Studie Uni Greifswald war "wertvolles Instrument" während der NS-Zeit

16.10.2015 · Greifswald.

Die Universität Greifswald war während der Zeit des Nationalsozialismus überdurchschnittlich in die Rüstungsforschung eingebunden. Das ist das Ergebnis einer Studie, die am Donnerstag in Greifswald vorgestellt wurde. Demnach war die Uni bereits 1937 zu einem "wertvollen Instrument" des Nationalsozialismus geworden, so der Leiter der Studie, der Historiker Henrik Ebele.

Die Hochschule sei bereit gewesen, sich für "Führer, Volk und Vaterland" in den Dienst nehmen zu lassen, so Historiker Ebele. Jüdische Dozenten wurden vertrieben und die Freiheit von Forschung und Lehre abgeschafft. Professoren beteiligten sich an der Ausformung der rassistischen Ideologie oder arbeiteten für die Rüstungsindustrie. So hatte die Universität einen eindeutigen Forschungsschwerpunkt in den Bereichen Medizin und Naturwissenschaften. Dabei motivierten sich die Wissenschaftler selbst für ihre Forschungen, nur selten gab es auch Anfragen von Behörden oder von der Schutzstaffel (SS).

Die Universität war seit 1933 durch den Druck nationalsozialistischer Studenten einerseits und durch das Wissenschaftsministerium andererseits umgestaltet worden. Mit 24 Professoren und Dozenten verloren rund ein Zehntel aller Lehrenden ihre Position. Durch Eintritt in die Partei oder Berufungen von NSDAP-Mitgliedern stieg deren Anteil im Lehrkörper bis zum Sommersemester 1939 auf über die Hälfte an (55,9 Prozent). 1945 waren etwa zwei Drittel der Professoren und Dozenten Angehörige der Partei (64,3 Prozent).
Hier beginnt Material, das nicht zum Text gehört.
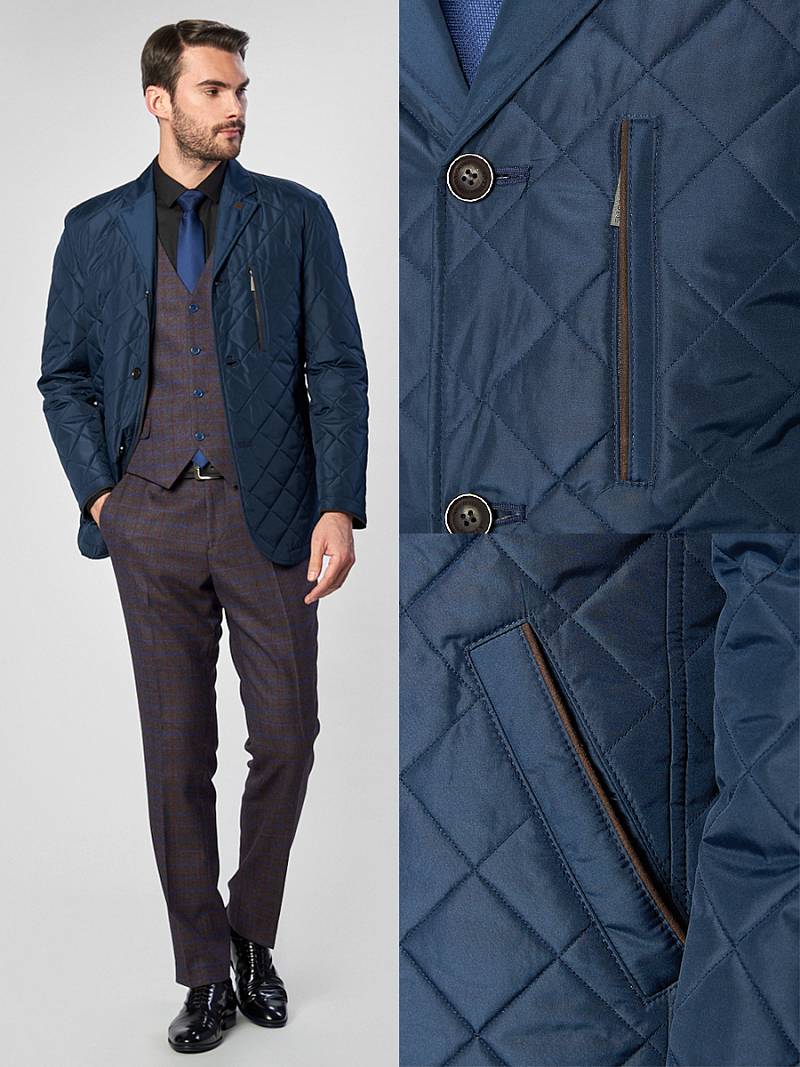 Куртка мужская из стеганой ткани с отделкой из замши, Длина по спинке для размера 50/176 - 77см. Ткань верха: 100%полиэстер. Подкладка: 100%полиэстер. Утеплитель: термоплюс 100 гр.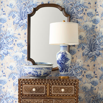 Blue and white ceramic with hand painted design on antique gold leaf mount.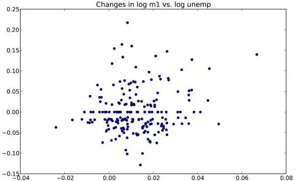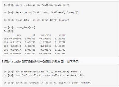 散布图(scatter plot)是观察两个一维数组序列之间的关系的有效手段。matplotlib的scatter方法是绘制散布图的主要方法。在下面这个例子中,我加载了来自statsmodels项目的macrodata数据集,选择其中几列,然后计算对数差: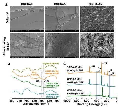 圖2. (a)不同組成黏合劑浸泡模擬體液后的SEM圖片;(b)不同組成黏合劑浸泡模擬體液后的紅外光譜圖;(c)不同組成黏合劑浸泡模擬體液后的XPS結果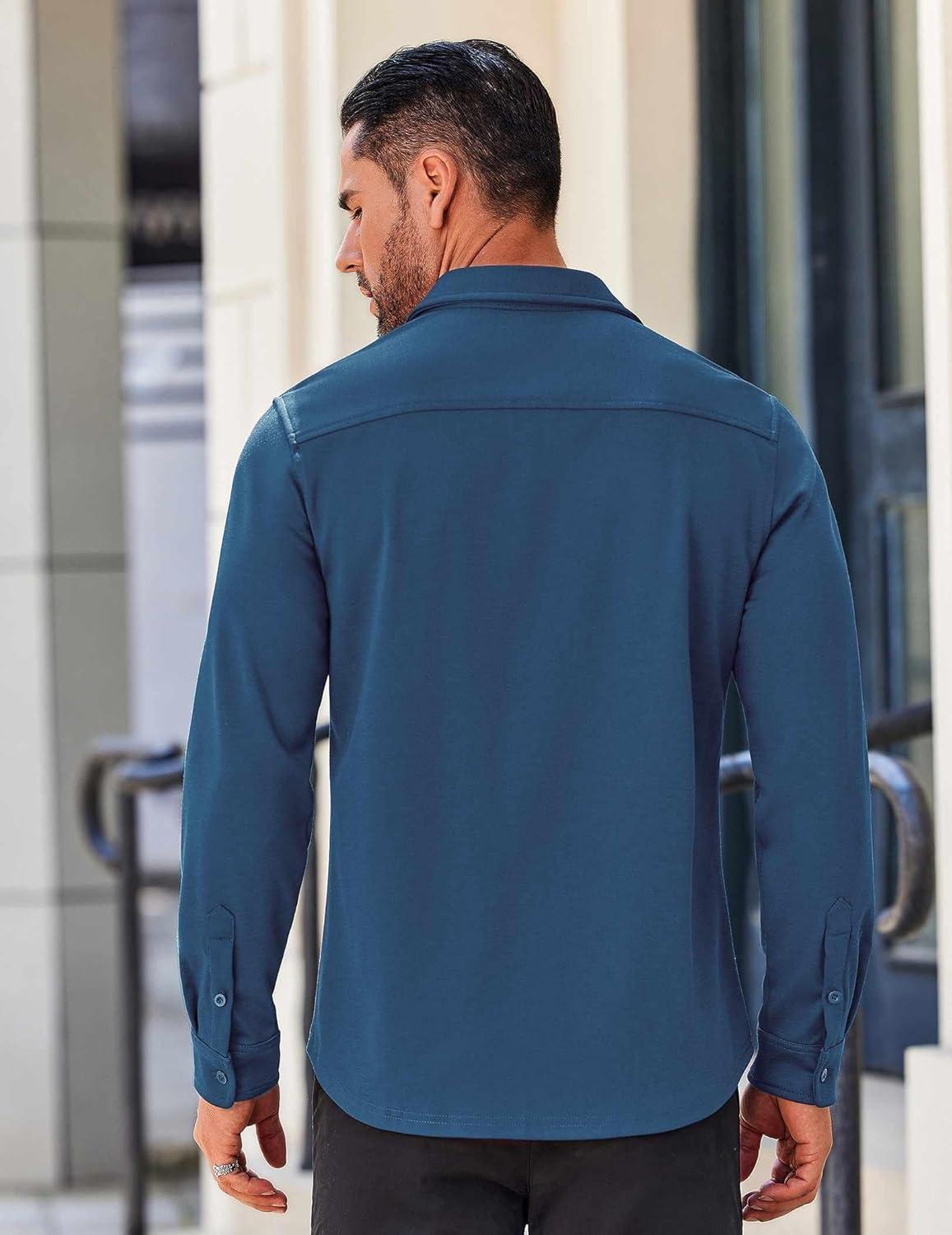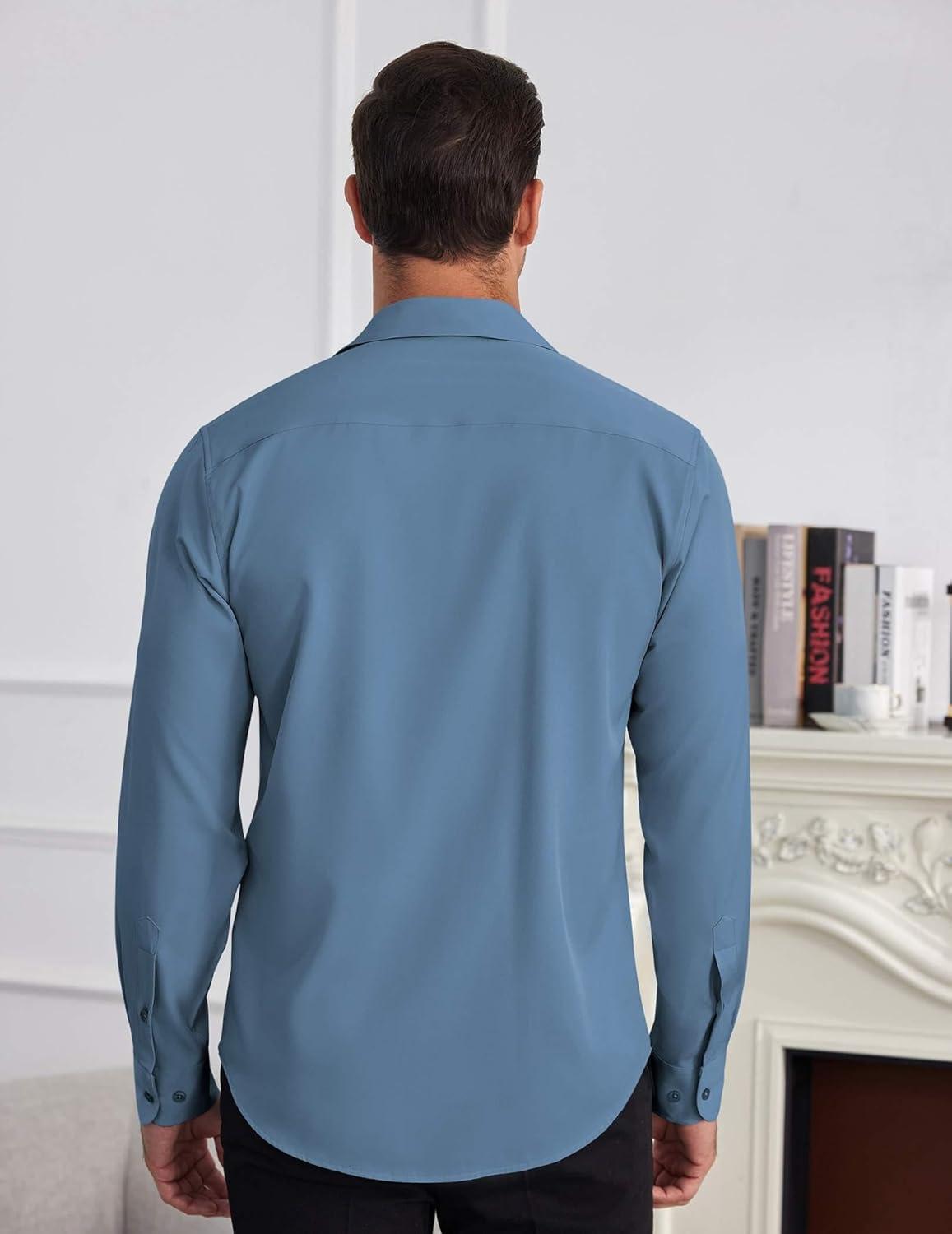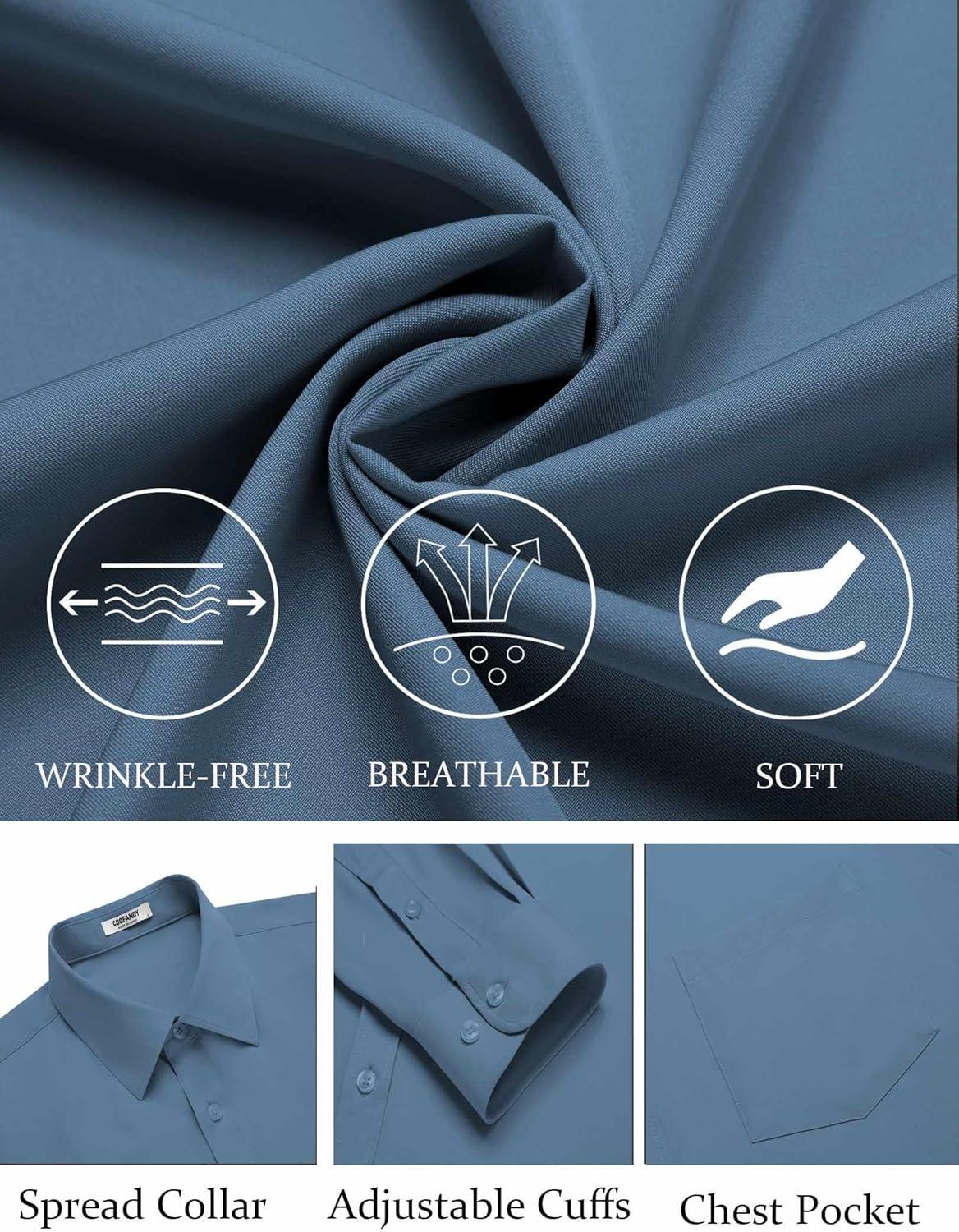COOFANDY Mens Dress Shirts Wrinkle Free Long Sleeve Button Down Shirts Formal Business Shirt(Slate Blue)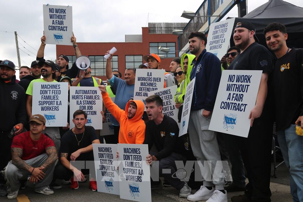 Ngày 1/10/2024, sau khi các cuộc thỏa thuận về một hợp đồng tiền lương mới đổ vỡ, công nhân bốc xếp tại các cảng ở Bờ Đông và Vịnh Mexico của Mỹ đã bắt đầu đình công, gây ngưng trệ khoảng 50% hoạt động vận chuyển đường biển của nước này. Trong ảnh: Nhân viên cảng tham gia đình công tại Brooklyn, New York, Mỹ, ngày 1/10/2024. Ảnh: THX/TTXVN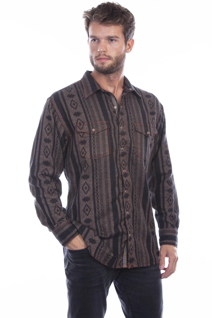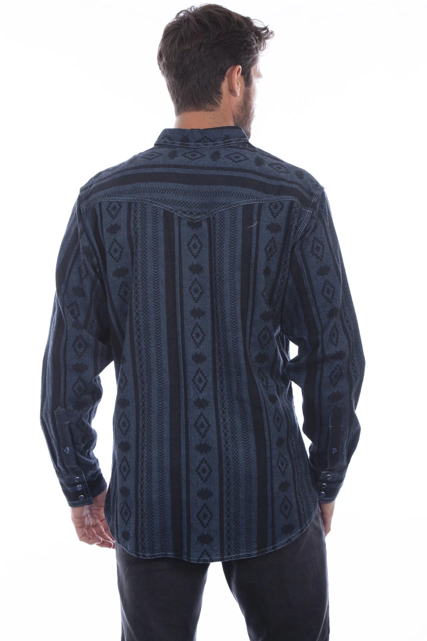 Spice up your everyday routine with this eye catching Aztec inspired design that adds a sense of history. From Scull’s Signature Series it features a snap front closure snap cuffs and two chest flap pockets with snap closure. Contrast fabric on inside placket collar and cuffs.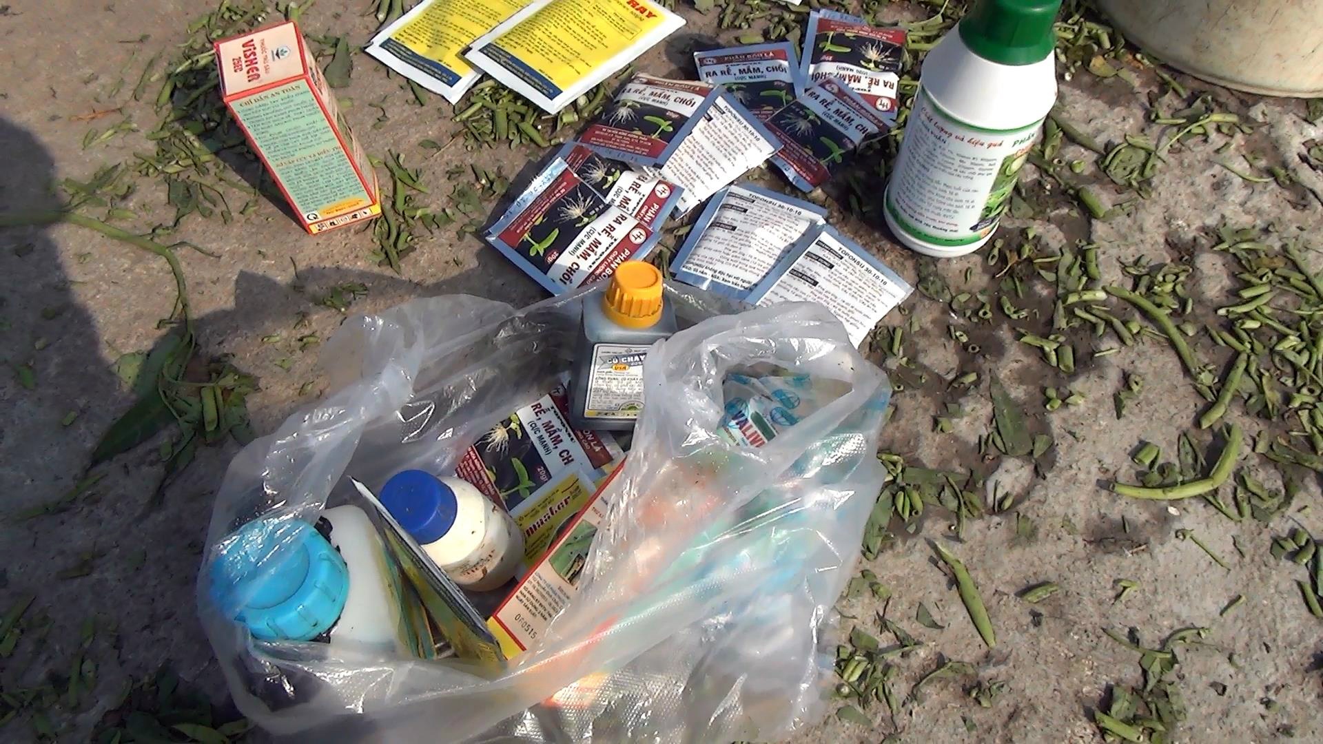 Về số vỏ thuốc bảo vệ thực vật phát hiện tại ruộng rau, có nhiều loại chỉ định sau khi sử dụng thì phải cách ly rau trong khoảng 14 ngày mới được thu hoạch nhưng theo quan sát, rau tại ruộng đã lớn nên không đảm bảo thời gian giãn cách sau khi phun thuốc.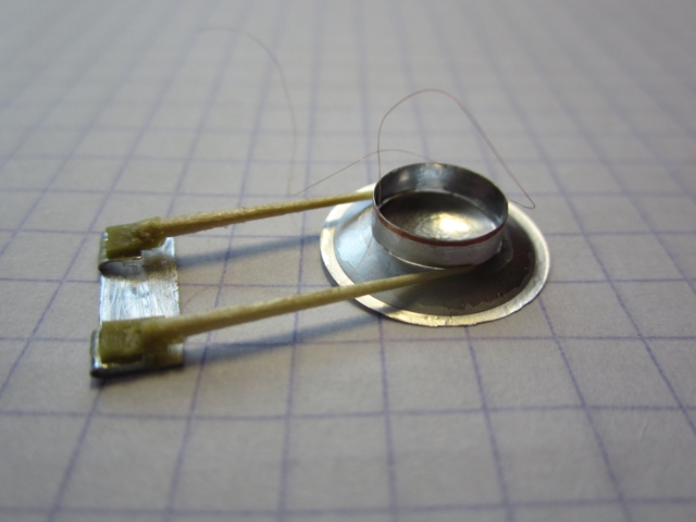 Звуковая катушка - 10 витков провода ПЭВ-0,04 примерно. Провод достаю из китайского динамика MRI 20N-A (диаметр 2 см, моща 0,25 Вт, импеданс 150 Ом)

Widerstand gegen das Regime ist von keinem Mitglied des Lehrkörpers geleistet worden.

Militärische Forschungen gab es im Physikalischen Institut, das 1942 eine Abteilung für Wehrphysik einrichtete. Dort sind im Auftrag der Luftwaffe Strombögen in Gasen untersucht worden, die zum Beispiel das Licht in Flakscheinwerfern erzeugten. Rassenhygienische Vorstellungen prägten die Lehre an der Medizinischen Fakultät, wo mehrere Studien zu angeblich minderwertigen Bevölkerungsteilen (Hilfsschülern und deren Familien) betreut wurden.

Das Chemische Institut beschäftigte sich mit chemischen Kampfstoffen, insbesondere Lost (Senfgas). Dabei wurden auch Menschen dem hautverätzenden Kampfstoff ausgesetzt, um sie dann zu therapieren. In den Universitätskliniken wurden 2.403 Männer und Frauen sterilisiert. Fast 200 Patienten wurden in die Heil- und Pflegeanstalt Ueckermünde verlegt, ein Krankenhaus, in dem während des Zweiten Weltkriegs Patienten vorsätzlich getötet wurden.

Bei der Wiedereröffnung im Februar 1946 war die Universität mit Ausnahme zweier Wissenschaftler, des Kampfstoffforschers Jander und des Internisten Katsch, frei von ehemaligen Nationalsozialisten. Drei Jahre später jedoch waren bereits wieder 18 ehemalige Nationalsozialisten im Dienst, was 17,2 Prozent des Lehrkörpers entsprach. In Greifswald hatte die Entnazifizierung damit ihren vorläufigen Abschluss gefunden. 48 ehemalige Nationalsozialisten aus dem Greifswalder Lehrkörper gelangten jedoch in Ost und West wieder in verantwortliche Positionen, zum Beispiel auf Lehrstühle an Universitäten oder als Chefärzte großer Krankenhäuser - davon 34 in der Bundesrepublik und 14 in der DDR.